→ **Supplied data**:
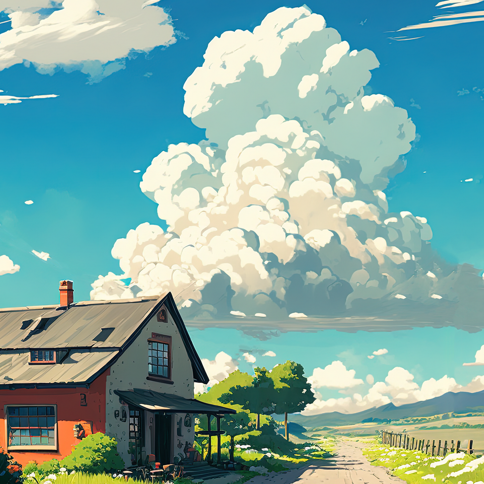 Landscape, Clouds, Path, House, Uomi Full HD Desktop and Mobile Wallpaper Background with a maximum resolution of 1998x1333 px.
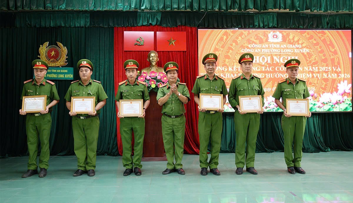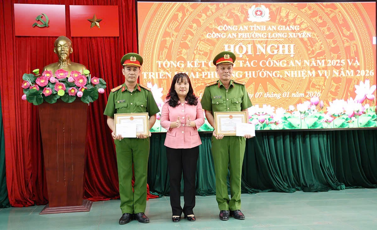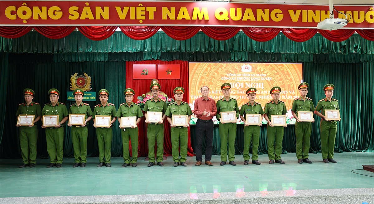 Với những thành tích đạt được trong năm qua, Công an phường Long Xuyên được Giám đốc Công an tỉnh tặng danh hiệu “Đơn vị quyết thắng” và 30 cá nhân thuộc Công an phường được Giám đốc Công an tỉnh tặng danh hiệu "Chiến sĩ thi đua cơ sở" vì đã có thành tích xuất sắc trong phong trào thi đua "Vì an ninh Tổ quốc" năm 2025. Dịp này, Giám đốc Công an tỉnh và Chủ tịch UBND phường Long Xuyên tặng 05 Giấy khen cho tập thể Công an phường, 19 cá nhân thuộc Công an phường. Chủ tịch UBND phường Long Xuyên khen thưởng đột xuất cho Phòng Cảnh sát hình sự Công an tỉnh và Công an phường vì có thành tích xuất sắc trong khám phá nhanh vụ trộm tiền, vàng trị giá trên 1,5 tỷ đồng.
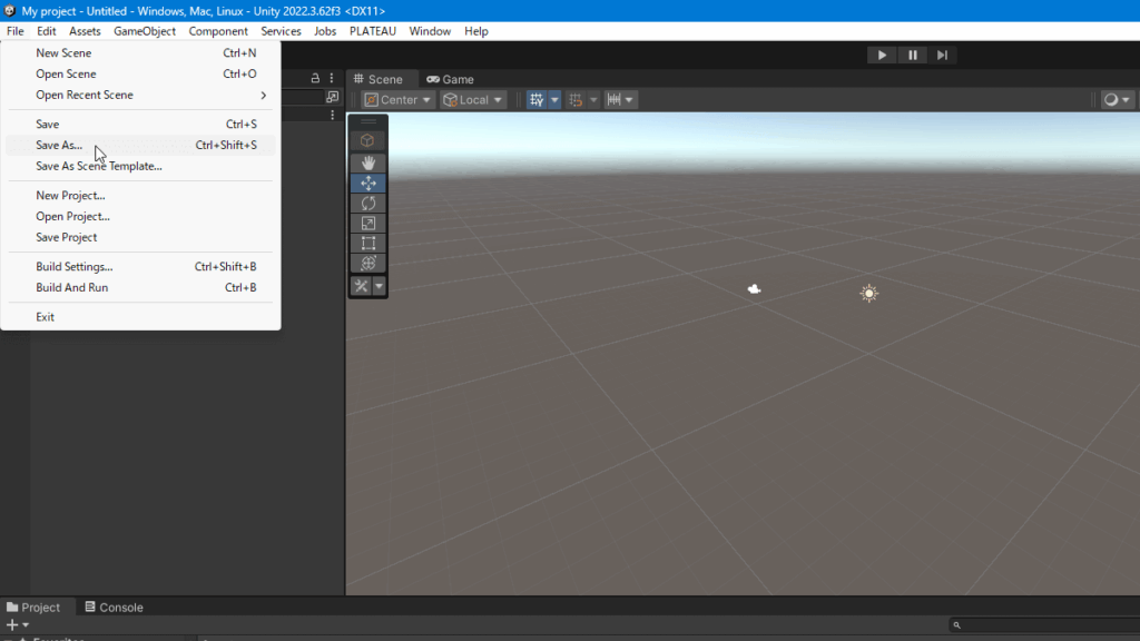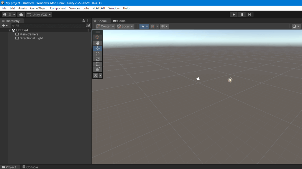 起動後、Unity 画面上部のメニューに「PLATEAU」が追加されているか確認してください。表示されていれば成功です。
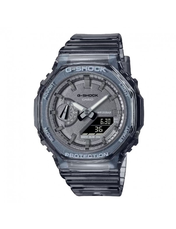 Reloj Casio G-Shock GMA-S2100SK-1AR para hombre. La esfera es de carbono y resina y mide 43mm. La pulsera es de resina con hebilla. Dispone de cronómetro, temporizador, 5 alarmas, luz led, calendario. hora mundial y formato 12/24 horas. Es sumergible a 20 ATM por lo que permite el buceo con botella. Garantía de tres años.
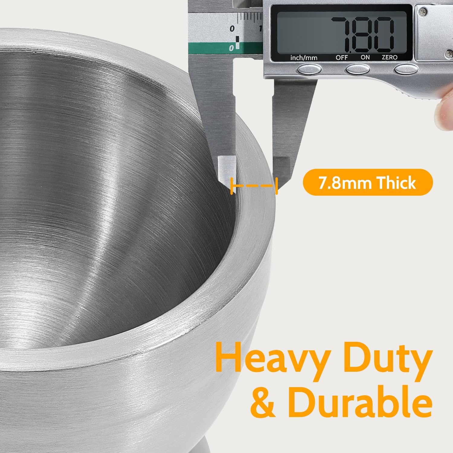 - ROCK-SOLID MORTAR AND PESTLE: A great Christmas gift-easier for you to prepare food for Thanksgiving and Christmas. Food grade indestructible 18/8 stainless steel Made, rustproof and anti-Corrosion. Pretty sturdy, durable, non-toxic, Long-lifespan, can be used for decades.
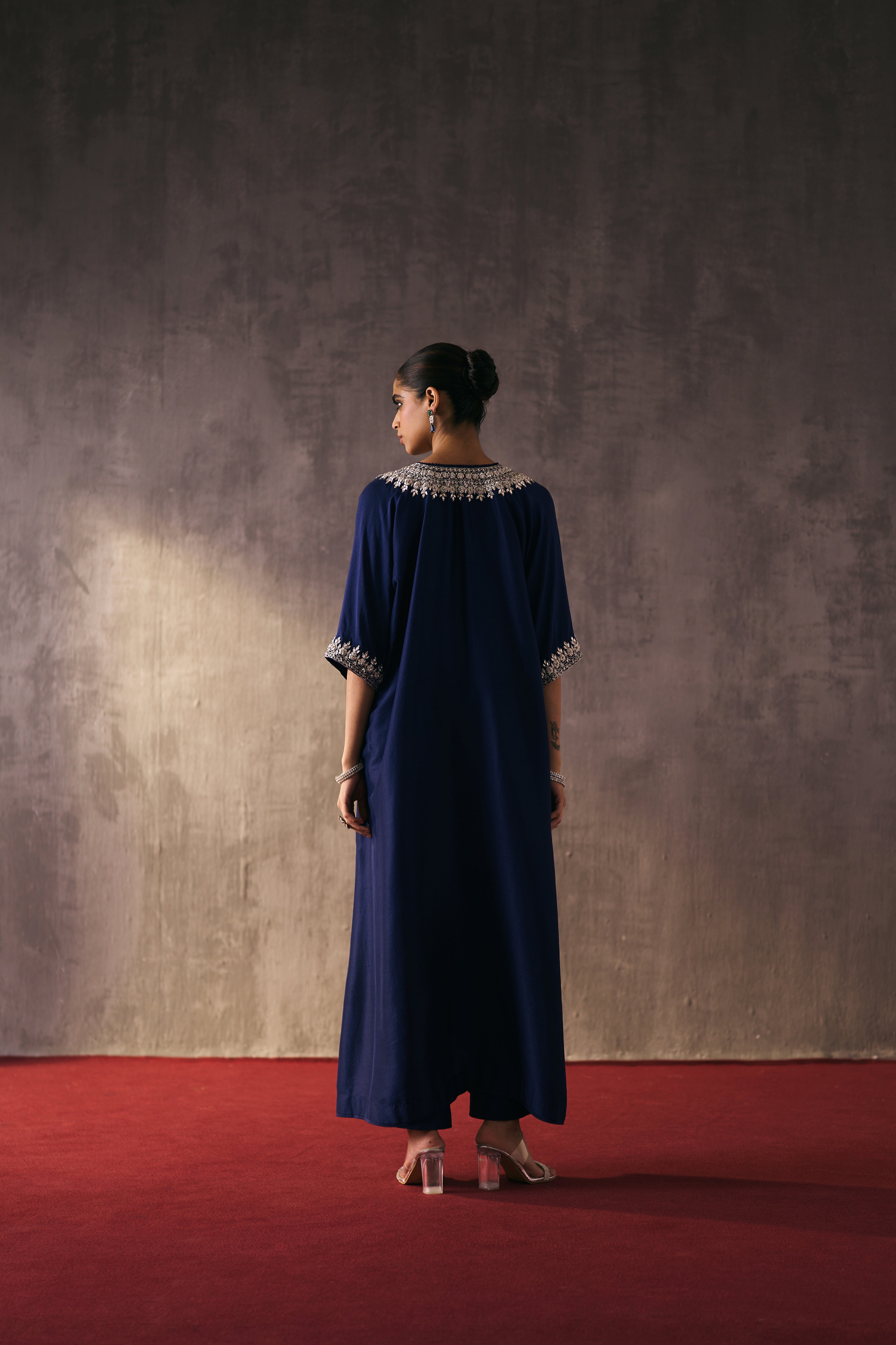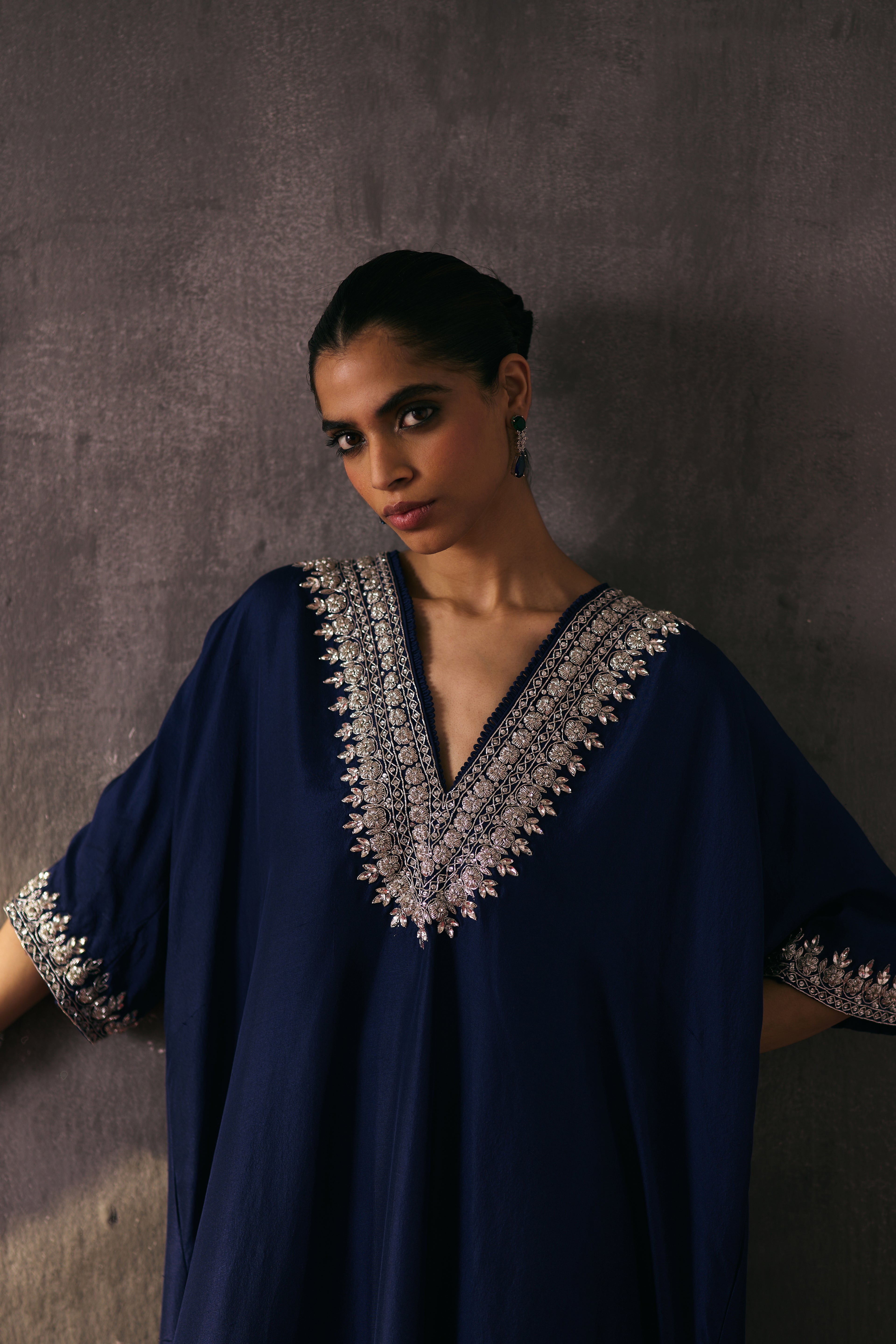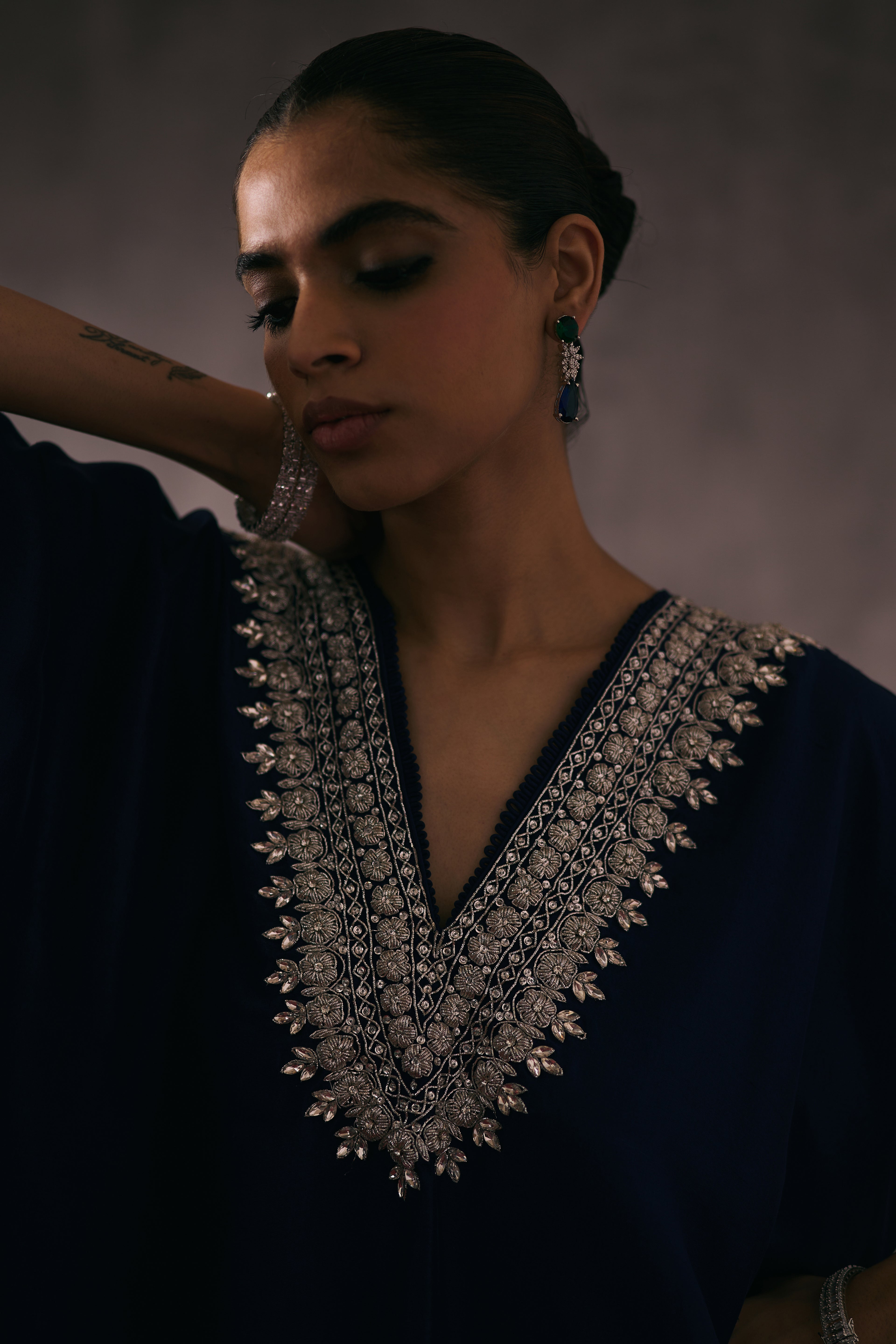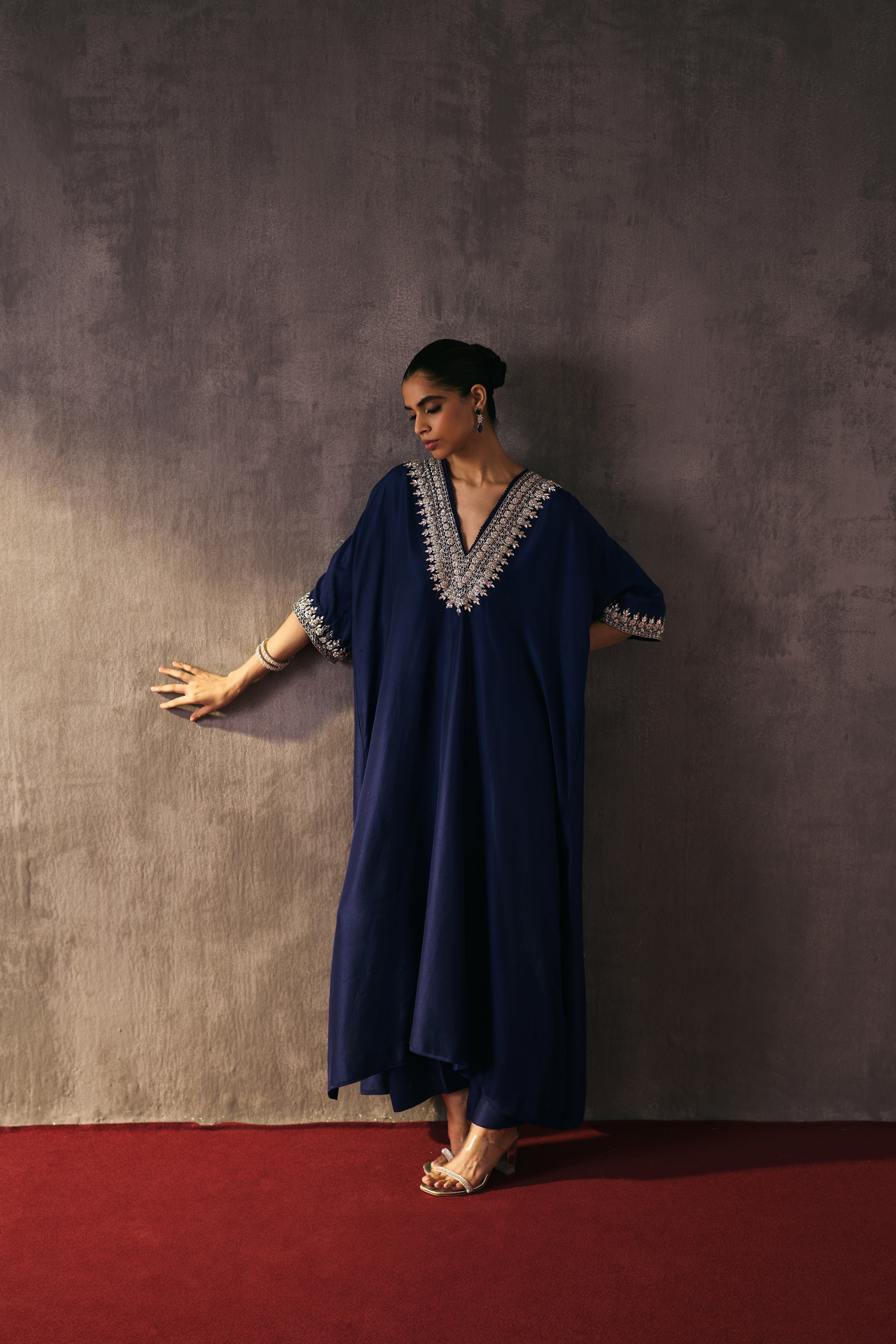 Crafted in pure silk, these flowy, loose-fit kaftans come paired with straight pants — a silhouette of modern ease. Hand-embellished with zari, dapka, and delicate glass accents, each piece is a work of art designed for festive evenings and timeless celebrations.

→ **Task prompt**: Restate the entries verbatim, without pictures.

→ **Your solution**:
 Landscape, Clouds, Path, House, Uomi Full HD Desktop and Mobile Wallpaper Background with a maximum resolution of 1998x1333 px.
 Với những thành tích đạt được trong năm qua, Công an phường Long Xuyên được Giám đốc Công an tỉnh tặng danh hiệu “Đơn vị quyết thắng” và 30 cá nhân thuộc Công an phường được Giám đốc Công an tỉnh tặng danh hiệu "Chiến sĩ thi đua cơ sở" vì đã có thành tích xuất sắc trong phong trào thi đua "Vì an ninh Tổ quốc" năm 2025. Dịp này, Giám đốc Công an tỉnh và Chủ tịch UBND phường Long Xuyên tặng 05 Giấy khen cho tập thể Công an phường, 19 cá nhân thuộc Công an phường. Chủ tịch UBND phường Long Xuyên khen thưởng đột xuất cho Phòng Cảnh sát hình sự Công an tỉnh và Công an phường vì có thành tích xuất sắc trong khám phá nhanh vụ trộm tiền, vàng trị giá trên 1,5 tỷ đồng.
 起動後、Unity 画面上部のメニューに「PLATEAU」が追加されているか確認してください。表示されていれば成功です。
 Reloj Casio G-Shock GMA-S2100SK-1AR para hombre. La esfera es de carbono y resina y mide 43mm. La pulsera es de resina con hebilla. Dispone de cronómetro, temporizador, 5 alarmas, luz led, calendario. hora mundial y formato 12/24 horas. Es sumergible a 20 ATM por lo que permite el buceo con botella. Garantía de tres años.
 - ROCK-SOLID MORTAR AND PESTLE: A great Christmas gift-easier for you to prepare food for Thanksgiving and Christmas. Food grade indestructible 18/8 stainless steel Made, rustproof and anti-Corrosion. Pretty sturdy, durable, non-toxic, Long-lifespan, can be used for decades.
 Crafted in pure silk, these flowy, loose-fit kaftans come paired with straight pants — a silhouette of modern ease. Hand-embellished with zari, dapka, and delicate glass accents, each piece is a work of art designed for festive evenings and timeless celebrations.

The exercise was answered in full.